> [Saved data entries]
BEGIN

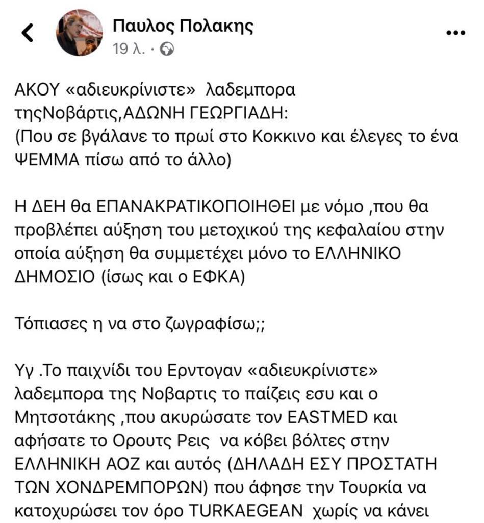 Δείτε την ανάρτηση του Παύλου Πολάκη
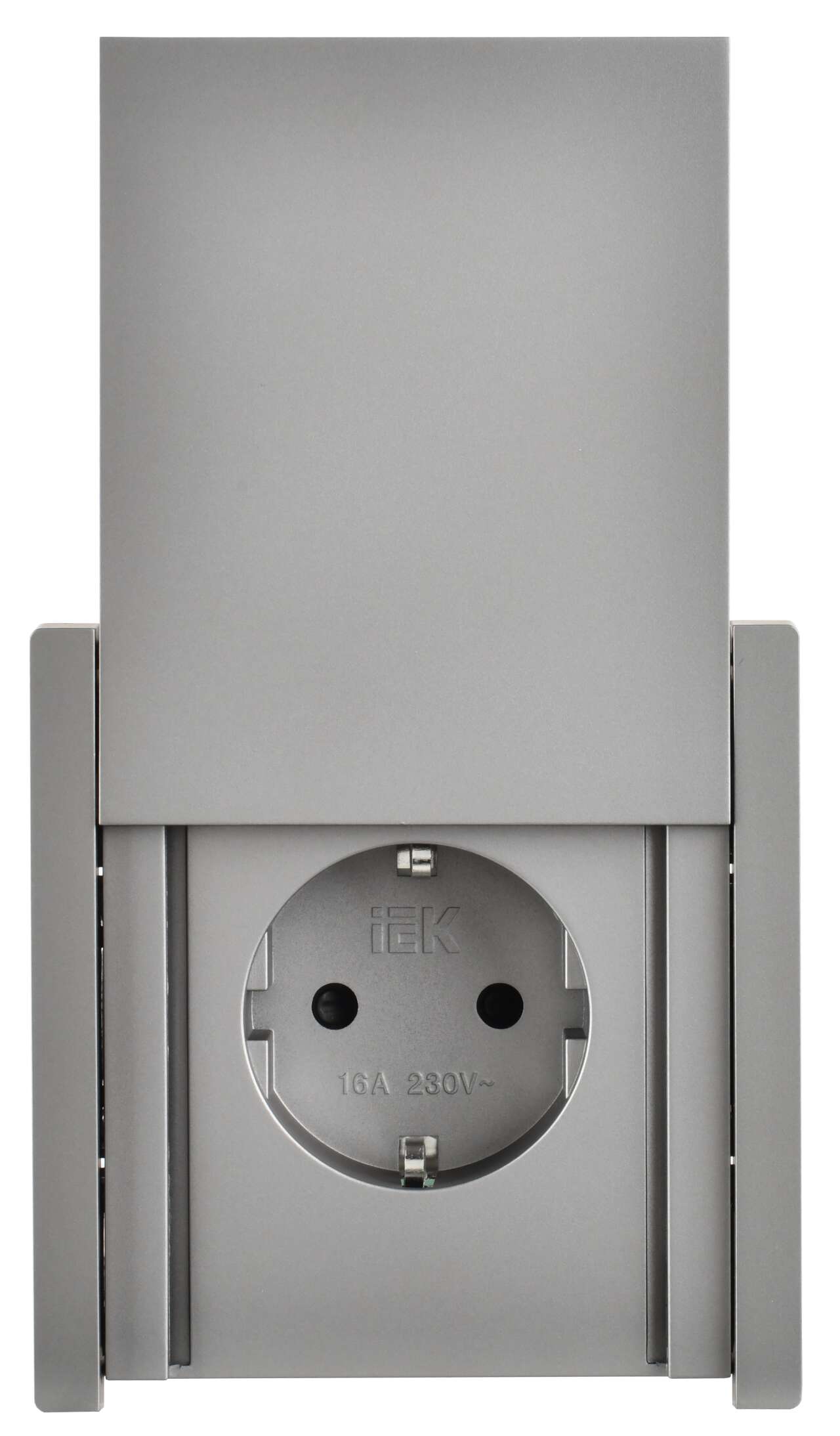 ОформитьFORTE&PIANO Розетка 1-местная с заземлением с защитными шторками и крышкой безвинтовое крепление 16А IP44 FP519 сталь IEK
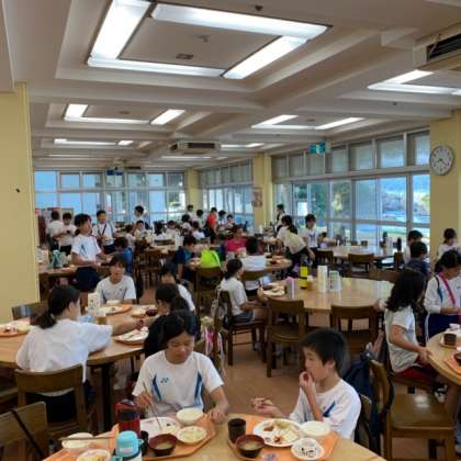 朝食の様子です。みんなしっかり食べているようです。今日の午前中は,昨日の活動の続きがあります。そして午後からはカッター体験。今日も楽しみな活動が続きます!
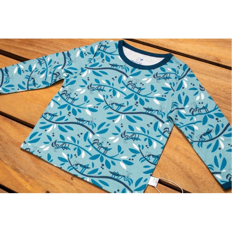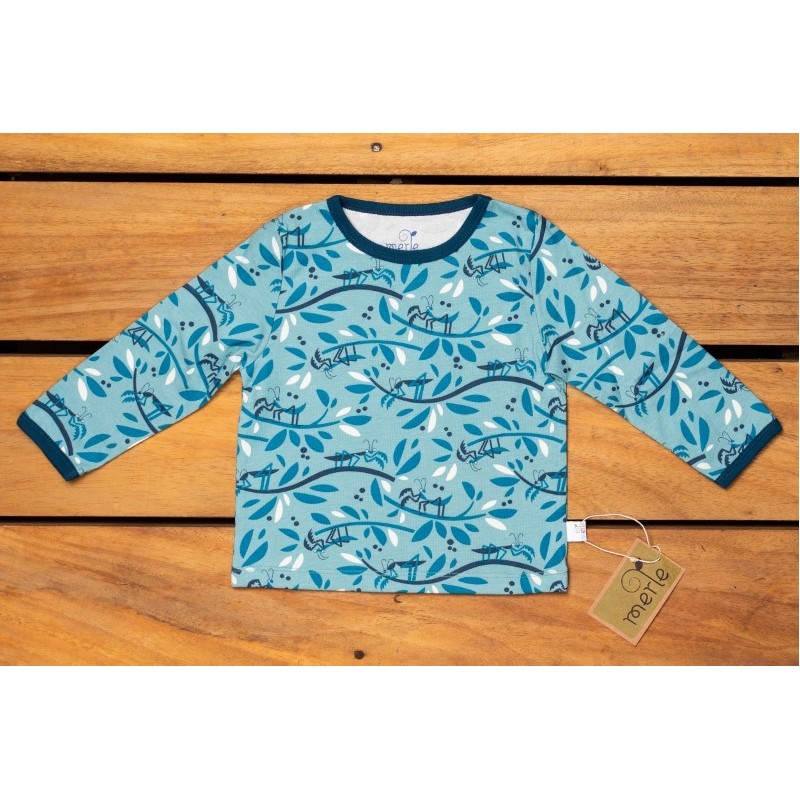 Das Langarmshirt hat ein cooles Gottesanbeterin-Moriv..
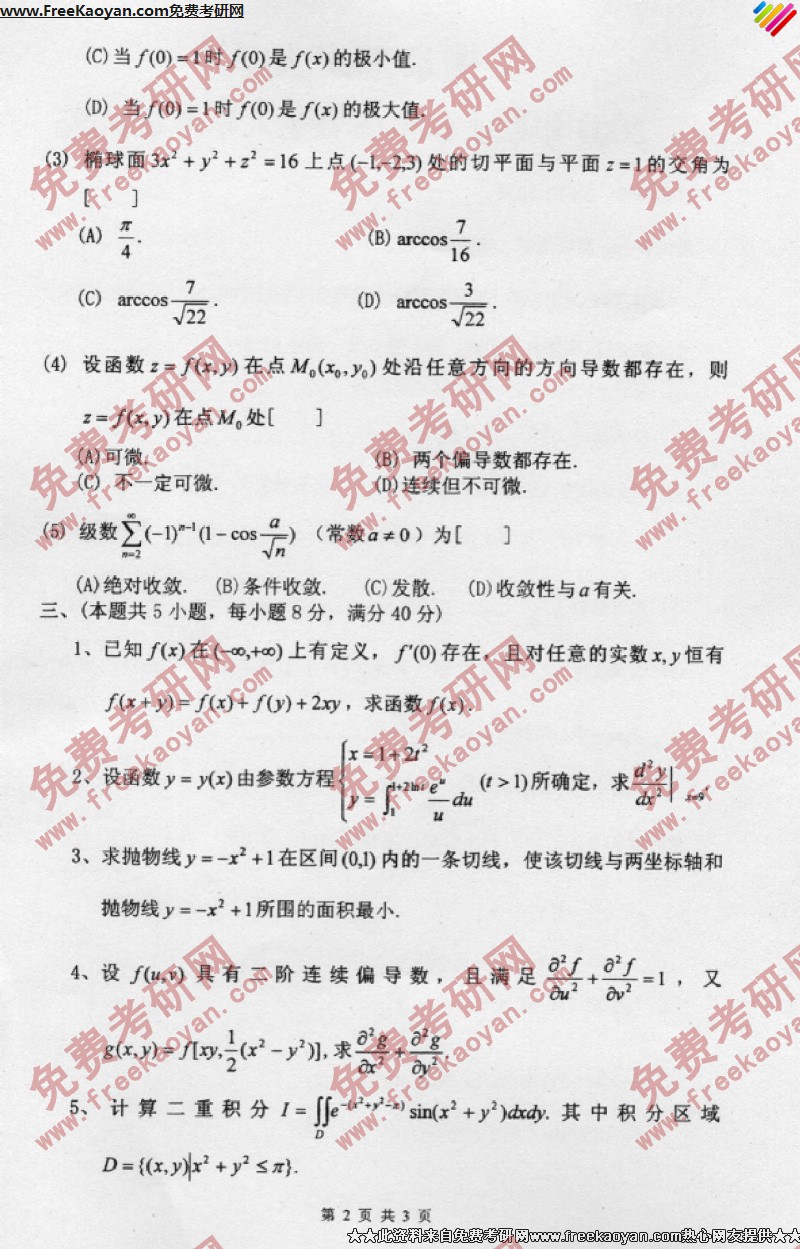 南京理工大学2007年考研真题-高等数学(2)
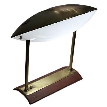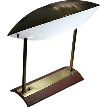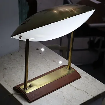Brass structure, leather base and opaline perspex lampshade. 1960s Stamped stilnovo brand 40x36 cm
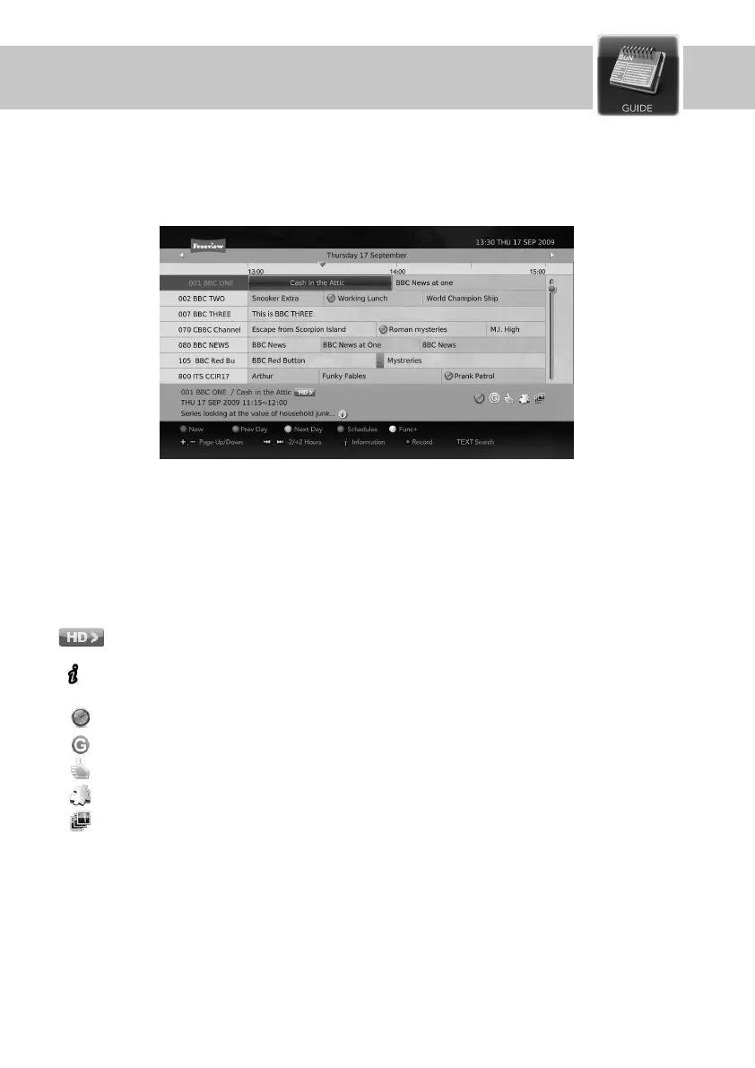 The programme guide displays a full list of available services and programmes based on the date and
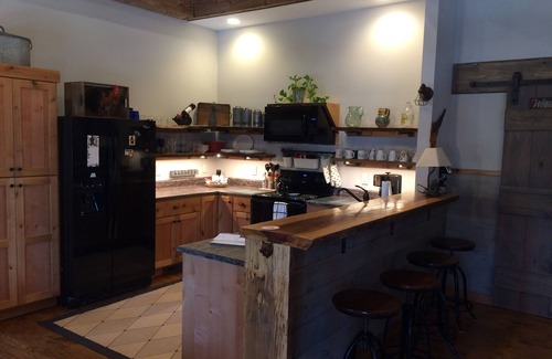 Our cabin is a one level, bright and airy, easy access bungalow featuring 2 bedrooms, 2 full baths and a full size kitchen including refrigerator, range, microwave, and dishwasher. The vaulted kitchen/dining/living area features 100 year old heart pine beams, a poplar & maple live edge bar top, wood burning fireplace and queen sofa sleeper. The spacious Master bedroom features a king size bed and private bath. The second bedroom is furnished with a queen size bed and bunk beds. The second bathroom, with full size tub/shower, is located just across the hallway. The oversize mudroom has a full size washer and dryer, laundry sink, and ample space for indoor bike storage. Outside is a convenient bike wash station, a charcoal grill and fire pit with firewood provided.
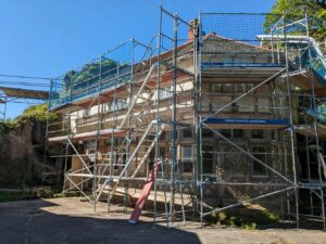 Auf Schloss Altenstein werden die Bauarbeiten im Rahmen des Sonderinvestitionsprogramms I (SIP I) der Stiftung Thüringer Schlösser und Gärten (STSG) sichtbar. Während im Schloss haustechnische Installationen voranschreiten, haben auch am historischen Küchenbau die Bauarbeiten im SIP I begonnen.

END

> [TASK DETAILS] Your task is to return every entry exactly as it was written, with the pictures removed.

> [RESULT]
 Δείτε την ανάρτηση του Παύλου Πολάκη
 ОформитьFORTE&PIANO Розетка 1-местная с заземлением с защитными шторками и крышкой безвинтовое крепление 16А IP44 FP519 сталь IEK
 朝食の様子です。みんなしっかり食べているようです。今日の午前中は,昨日の活動の続きがあります。そして午後からはカッター体験。今日も楽しみな活動が続きます!
 Das Langarmshirt hat ein cooles Gottesanbeterin-Moriv..
 南京理工大学2007年考研真题-高等数学(2)
Brass structure, leather base and opaline perspex lampshade. 1960s Stamped stilnovo brand 40x36 cm
 The programme guide displays a full list of available services and programmes based on the date and
 Our cabin is a one level, bright and airy, easy access bungalow featuring 2 bedrooms, 2 full baths and a full size kitchen including refrigerator, range, microwave, and dishwasher. The vaulted kitchen/dining/living area features 100 year old heart pine beams, a poplar & maple live edge bar top, wood burning fireplace and queen sofa sleeper. The spacious Master bedroom features a king size bed and private bath. The second bedroom is furnished with a queen size bed and bunk beds. The second bathroom, with full size tub/shower, is located just across the hallway. The oversize mudroom has a full size washer and dryer, laundry sink, and ample space for indoor bike storage. Outside is a convenient bike wash station, a charcoal grill and fire pit with firewood provided.
 Auf Schloss Altenstein werden die Bauarbeiten im Rahmen des Sonderinvestitionsprogramms I (SIP I) der Stiftung Thüringer Schlösser und Gärten (STSG) sichtbar. Während im Schloss haustechnische Installationen voranschreiten, haben auch am historischen Küchenbau die Bauarbeiten im SIP I begonnen.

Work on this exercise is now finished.